Три комнаты выходили на Средиземное море. Самая маленькая из них была отдана Жаботинскому. Две комнаты чуть большего размера использовались как кухня и ванная. Некоторое время двух держали в центральном зале.
Зелиг Вайкман организовал маленький комитет по заботе о нуждах пленников. Они получали еду три раза в день; у них были полотенца, тазы для мытья, мыло, тарелки, стаканы, посудные полотенца и несколько больших чанов с водой. "Затем мы распределили обязанности. Жаботинский был главным; я — его заместителем. Каждый из нас, без исключения, по очереди обслуживал столы, мыл посуду и пол. Эту работу каждый день выполняли двое; было предложено добровольное напарничество. Жаботинский и я составили знатную пару посудомоек. Мы не разбили ни одной тарелки"[775].
Госпожа Жаботинская получила разрешение на получасовые визиты к мужу два раза в неделю. Но вскоре она переехала из Иерусалима в Хайфу, поселилась в отеле "Герцлия" и приезжала в Акру каждый день, а иногда и дважды в день.

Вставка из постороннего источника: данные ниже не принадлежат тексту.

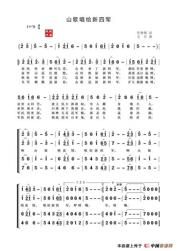 关于《山歌唱给新四军》曲谱的评论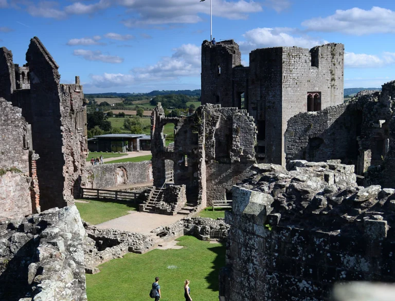 Raglan Castle is notable for its remarkable architecture and historical importance. It was constructed by Sir William ap Thomas, a Welsh knight, and later expanded by his son, Sir William Herbert. The stunning views of the surrounding countryside can be seen from various vantage points within the castle. The ground level is dog-friendly, which allows you to enjoy a picnic with your four-legged friend on short leads.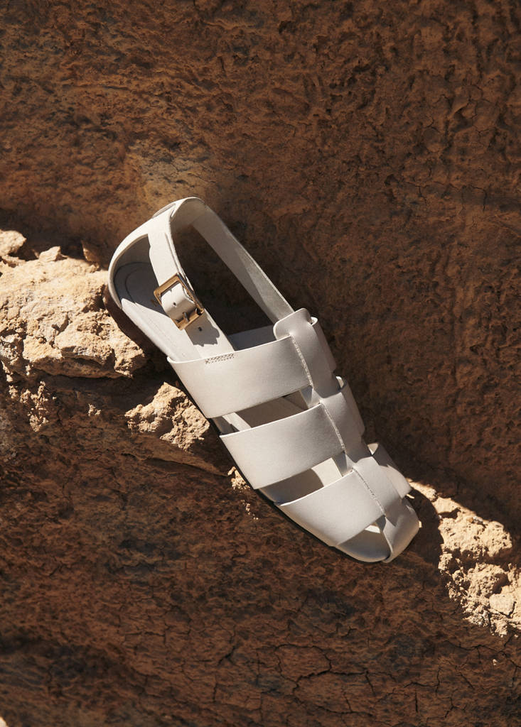 100 % läder av nötkreatur. Rund tå. Flat. Spänne stängning

Так ей удавалось уделить материнское внимание самым молодым из заключенных, и ее можно было, как правило, застать с иголкой в руках, зашивающей где рубашку, где свитер одного из ребят или выполняющей мелкие покупки по просьбе одного из них.
Эри вначале представлял затруднение. Точнее, его тетка Тамар, — которую он описывает как семейного педагога, — опасаясь, что заключение отца его расстроит, убедила его мать не извещать его, а сказать, что отец уехал в Тель-Авив. Эри вспоминает, что его даже забрали из школы и отправили жить с друзьями, семьей Этингер. Он утверждает, что и здесь, несмотря на то что героизм Хаганы был популярной темой для детей, от него скрывали, что возглавлял организацию его отец. Лишь однажды мать увела его в сторону и сказала, что должна рассказать о чем-то очень серьезном. Тогда Эри узнал чудесную, жуткую правду.